= Records from a dataset =

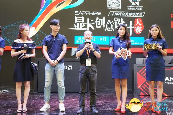 蓝宝石显卡产品经理Leo也在台上与现场观众分享了蓝宝石一以贯之的DIY理念和这次显卡创意设计大赛的初衷。LEO表示在在R300系列推出之时,蓝宝石显卡首创了一体化加固设计,让显卡的清理更便捷,让PCB也更牢固;RX400蓝宝石又导入快拆式风扇和定向导流技术,使得超白金系列显卡,用户体验和散热表现更上一层楼;今年RX500推出之际,蓝宝石超白金显卡再一次创新,推出了NITRO GEAR 套装,为全球玩家带来更多的DIY乐趣。结合蓝宝石NITRO GEAR的推出,此次显卡创意设计大赛就这样应运而生了。
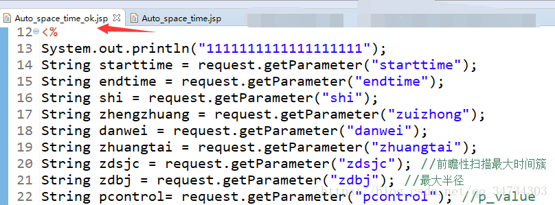 以下為我程序的一部分,Auto_space_time_ok.jsp文件從Auto_space_time.jsp獲取的值代碼,此處博主需要做一個判斷,當danwei 等于“學校”字符串時,將 zhuangtai的值賦值給zhengzhuang
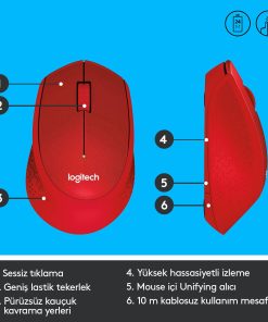 Logitech M330 Sessiz Kablosuz Optik Mouse – Kırmızı
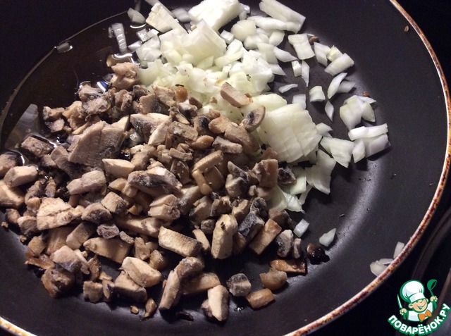Теперь приступает к фаршу. В сковороде пережариваем в небольшом количестве масла шампиньоны и репчатый лук. Солим и перчим по вкусу.
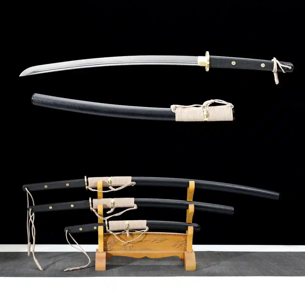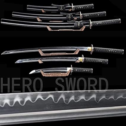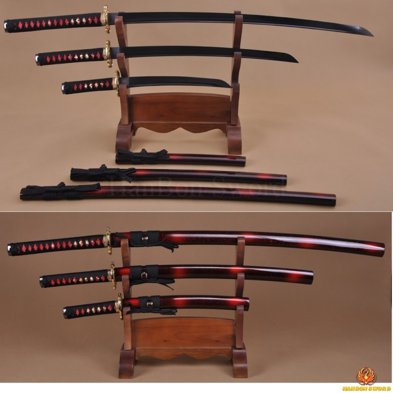 Handmade Carbon Steel Black Japanese Wakizashi And Katana Samurai Sword Set Free US Shipping USD Add to Cart Wishlist Handmade Chinese Character Theme Real Hamon Full Tang Short Katana Tanto Swords Verified Purchase Diana Lira California, United States. Authentic katana, wakizashi, tanto and more CHOOSE YOUR SWORD > Best Sellers Dara Clay Tempered Folded Steel Katana Samurai Sword $ Blue Blade Samurai Katana High Carbon Steel with Dragon Sheath $ Yamamoto Clay Tempered Katana Samurai Sword $ iwa Katana Samurai Sword. This set of samurai sword consists of 1 katana, 1 wakizashi, and 1 tanto The blade is made of 1060 carbon steel It is fully handforged, quenched, polished KATANA WAKIZASHI TANTO 1 katana 1 wakizashi 1 tanto with sayaThe sword stand holder is not included!.
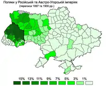 Due to assimilation, whereas at the time of the annexation of Ukrainian lands by Russia in 1795 10% of the population were Poles,[15] in spite of ongoing migration of Poles from central Poland into Ukrainian lands,[10] by the end of the nineteenth century only three percent of the total population of these territories reported that Polish was their first language.[15]
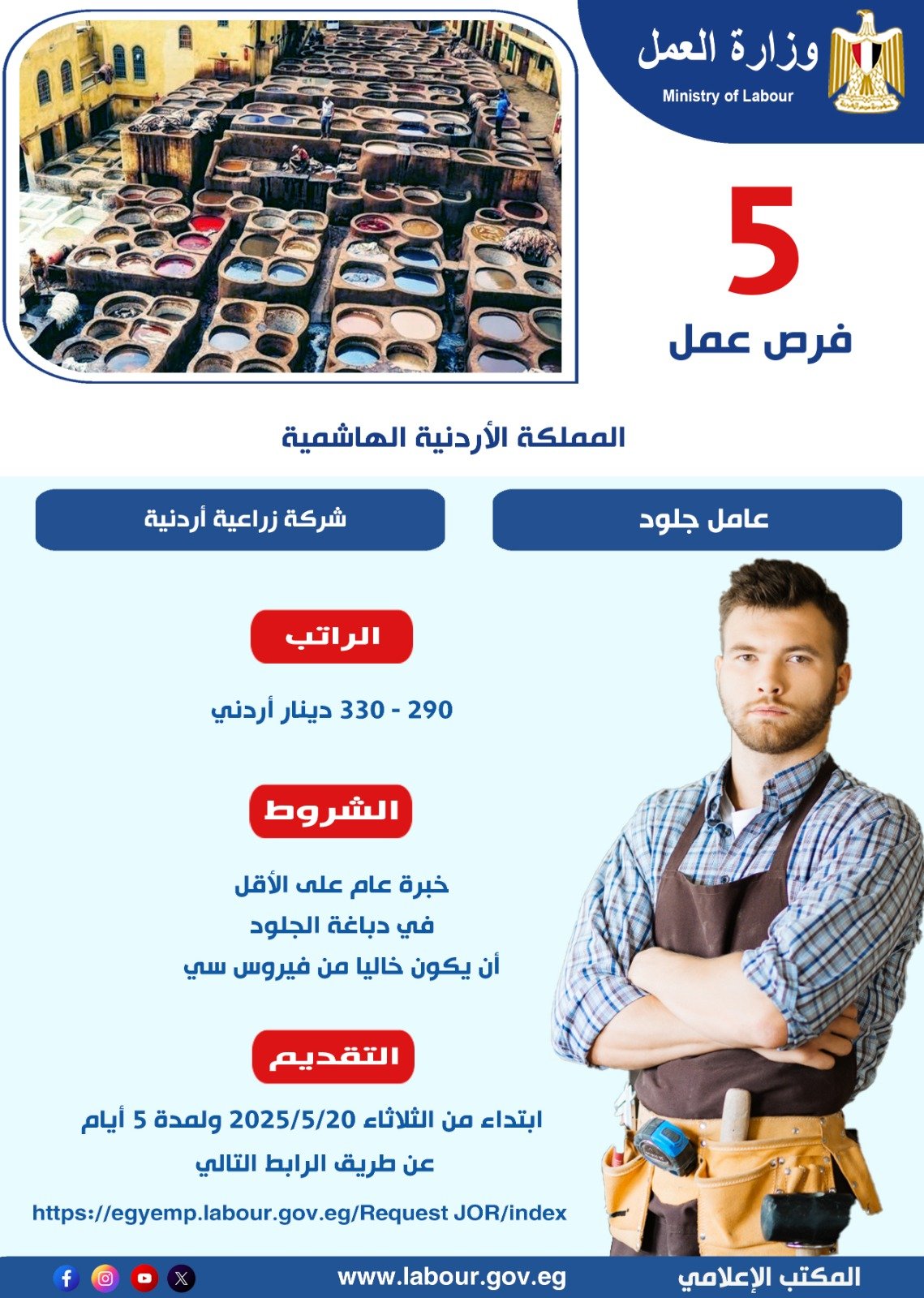 أعلنت وزارة العمل اليوم الثلاثاء، عن توفير 5 فرص عمل جديدة للمهتمين في مجال دباغة الجلود، وذلك في إحدى المؤسسات المتخصصة بالمملكة الأردنية الهاشمية.
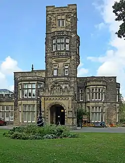 Cliffe Hall was built by Christopher Netherwood between 1828 and 1833, and designed by George Webster of Kendal, a gothic revivalist. The Butterfields, a textile manufacturing family, bought Cliffe Hall in 1848. Henry Isaac Butterfield transformed the building by adding towers, a ballroom and conservatories from 1875 to 1880, and renamed it Cliffe Castle in 1878. He decorated the building with the griffin motif, which he had adopted as a heraldic crest.[5] Sir Nicholas Pevsner describes the building as having an asymmetrically placed tower and Jacobean shaped gables.[6][7]
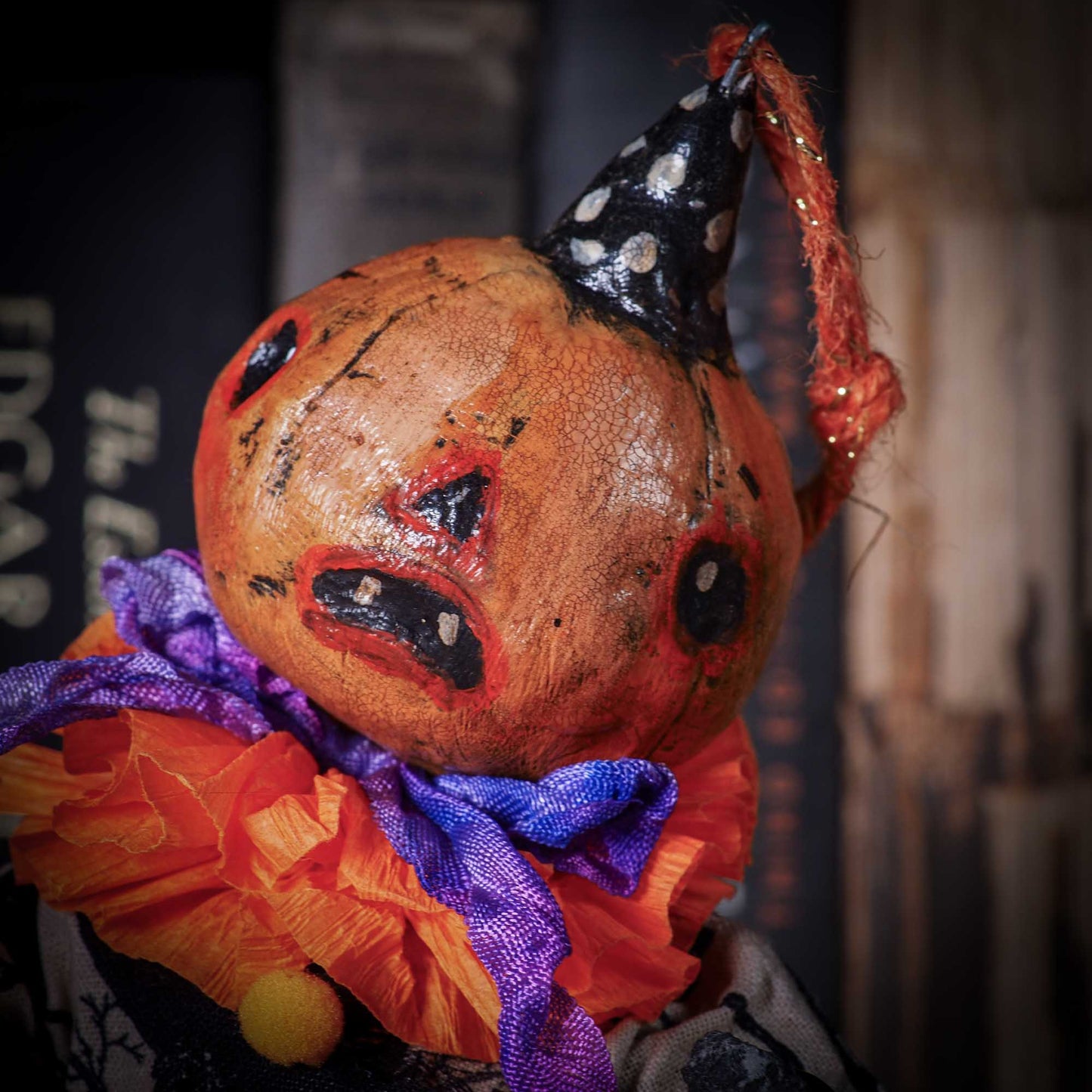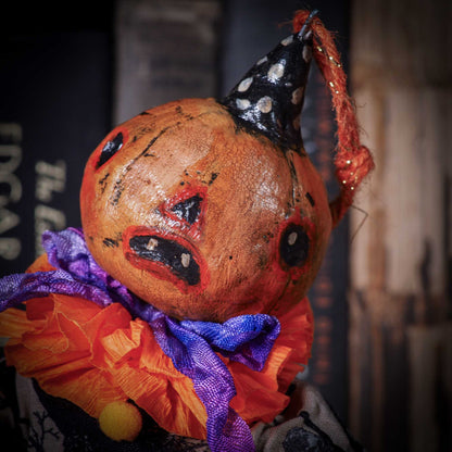 The Halloween art doll has a jack-o-lantern on its hand and it can be displayed sitting on a shelf, or hanging as an ornament from your Halloween or Christmas tree.
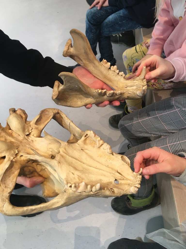 Wir haben die Zähne genau angeschaut und uns überlegt wie groß der Schädel ist. Welches Tier könnte es also sein?

= ASSIGNMENT =
Give the preceding data back exactly, minus every picture.

= EXERCISE RESPONSE =
 蓝宝石显卡产品经理Leo也在台上与现场观众分享了蓝宝石一以贯之的DIY理念和这次显卡创意设计大赛的初衷。LEO表示在在R300系列推出之时,蓝宝石显卡首创了一体化加固设计,让显卡的清理更便捷,让PCB也更牢固;RX400蓝宝石又导入快拆式风扇和定向导流技术,使得超白金系列显卡,用户体验和散热表现更上一层楼;今年RX500推出之际,蓝宝石超白金显卡再一次创新,推出了NITRO GEAR 套装,为全球玩家带来更多的DIY乐趣。结合蓝宝石NITRO GEAR的推出,此次显卡创意设计大赛就这样应运而生了。
 以下為我程序的一部分,Auto_space_time_ok.jsp文件從Auto_space_time.jsp獲取的值代碼,此處博主需要做一個判斷,當danwei 等于“學校”字符串時,將 zhuangtai的值賦值給zhengzhuang
 Logitech M330 Sessiz Kablosuz Optik Mouse – Kırmızı
Теперь приступает к фаршу. В сковороде пережариваем в небольшом количестве масла шампиньоны и репчатый лук. Солим и перчим по вкусу.
 Handmade Carbon Steel Black Japanese Wakizashi And Katana Samurai Sword Set Free US Shipping USD Add to Cart Wishlist Handmade Chinese Character Theme Real Hamon Full Tang Short Katana Tanto Swords Verified Purchase Diana Lira California, United States. Authentic katana, wakizashi, tanto and more CHOOSE YOUR SWORD > Best Sellers Dara Clay Tempered Folded Steel Katana Samurai Sword $ Blue Blade Samurai Katana High Carbon Steel with Dragon Sheath $ Yamamoto Clay Tempered Katana Samurai Sword $ iwa Katana Samurai Sword. This set of samurai sword consists of 1 katana, 1 wakizashi, and 1 tanto The blade is made of 1060 carbon steel It is fully handforged, quenched, polished KATANA WAKIZASHI TANTO 1 katana 1 wakizashi 1 tanto with sayaThe sword stand holder is not included!.
 Due to assimilation, whereas at the time of the annexation of Ukrainian lands by Russia in 1795 10% of the population were Poles,[15] in spite of ongoing migration of Poles from central Poland into Ukrainian lands,[10] by the end of the nineteenth century only three percent of the total population of these territories reported that Polish was their first language.[15]
 أعلنت وزارة العمل اليوم الثلاثاء، عن توفير 5 فرص عمل جديدة للمهتمين في مجال دباغة الجلود، وذلك في إحدى المؤسسات المتخصصة بالمملكة الأردنية الهاشمية.
 Cliffe Hall was built by Christopher Netherwood between 1828 and 1833, and designed by George Webster of Kendal, a gothic revivalist. The Butterfields, a textile manufacturing family, bought Cliffe Hall in 1848. Henry Isaac Butterfield transformed the building by adding towers, a ballroom and conservatories from 1875 to 1880, and renamed it Cliffe Castle in 1878. He decorated the building with the griffin motif, which he had adopted as a heraldic crest.[5] Sir Nicholas Pevsner describes the building as having an asymmetrically placed tower and Jacobean shaped gables.[6][7]
 The Halloween art doll has a jack-o-lantern on its hand and it can be displayed sitting on a shelf, or hanging as an ornament from your Halloween or Christmas tree.
 Wir haben die Zähne genau angeschaut und uns überlegt wie groß der Schädel ist. Welches Tier könnte es also sein?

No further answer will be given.